Proof. If $S$ is any inductive set, then $\mathbb{N}=\mathbb{N}_S\subseteq S$. $\Box$
Now let $0=\emptyset$, and let $s(x) = x^+$ for every $x$.
Theorem. (The Peano Axioms) $\mathbb{N}$ satisfies the following:
- $0\in \mathbb{N}$.
- If $n\in \mathbb{N}$, then $s(n)\in\mathbb{N}$.
- For all $n\in\mathbb{N}$, $s(n)\neq 0$.
- If $s(n)=s(m)$, then $n=m$.
- If $S\subseteq \mathbb{N}$ is such that $0\in S$ and if $n\in S$ then $s(n)\in S$, then $S=\mathbb{N}$.

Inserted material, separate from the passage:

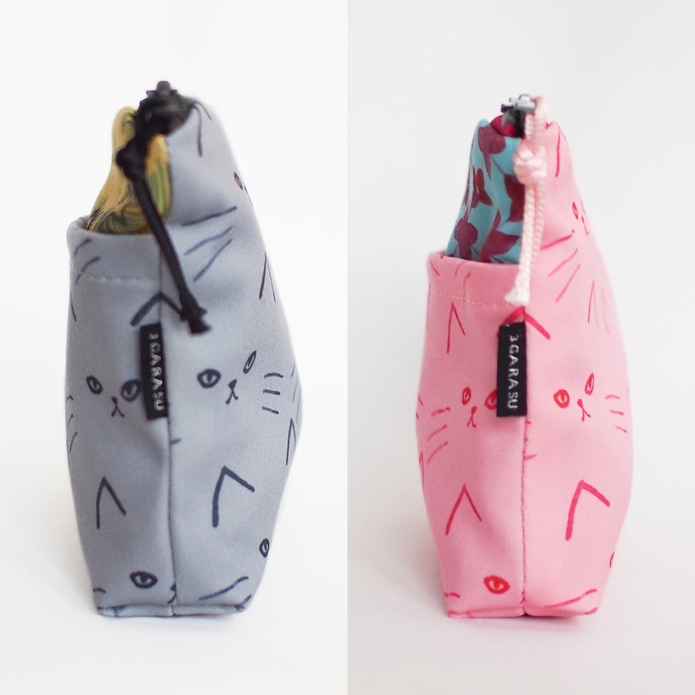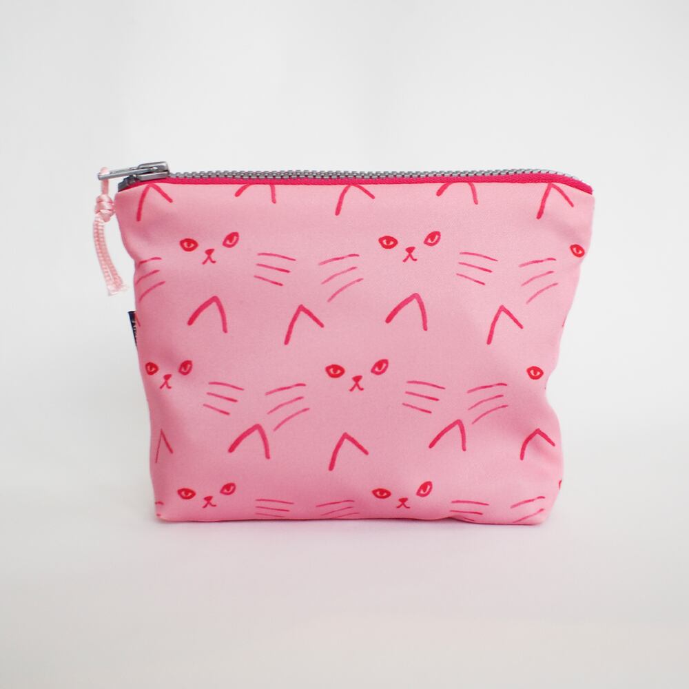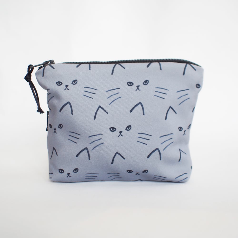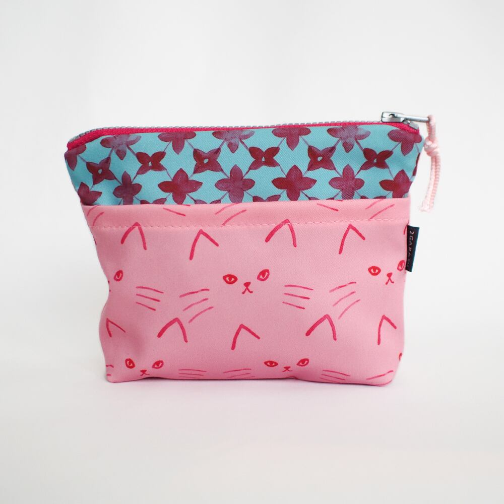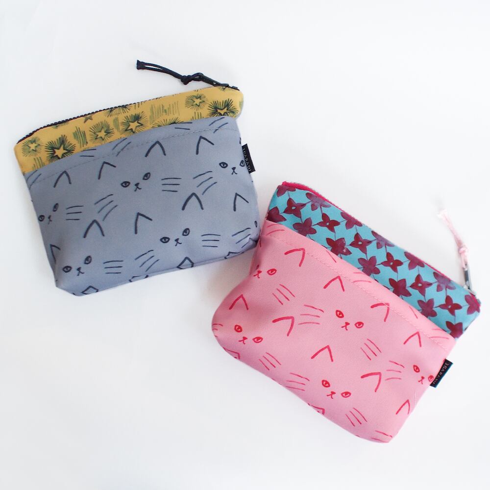 猫の顔が並んだテキスタイルポーチは、見るたびに癒されますよね。

Proof. Since $\mathbb{N}$ is inductive, 1 and 2 are satisfied. 3 is satisfied because by definition, $n\in s(n)$, hence $s(n)\neq\emptyset=0$. 5 is satisfied because the given conditions imply that $S$ is inductive, and therefore $\mathbb{N}\subseteq S$. Since we already have $S\subseteq \mathbb{N}$, then $S=\mathbb{N}$ holds.
The only difficulty is property 4. This requires some auxiliary results:
Lemma 1. If $n\in\mathbb{N}$, and $m\in n$, then $m\subseteq n$.
Proof. Let $S=\{n\in\mathbb{N}\mid \text{for all }m\in n, m\subseteq n\}$. Then $0\in S$, since $0=\emptyset$ satisfies the property by vacuity. Assume that $k\in S$, and let $m\in s(k) = k\cup\{k\}$. If $m\in k$, then since $k\in S$ we have $m\subseteq k\subseteq s(k)$. If $m\notin k$, then $m\in\{k\}$, hence $m=k$, and $m=k\subseteq k\cup\{k\}=s(k)$. Thus, $s(k)\in S$.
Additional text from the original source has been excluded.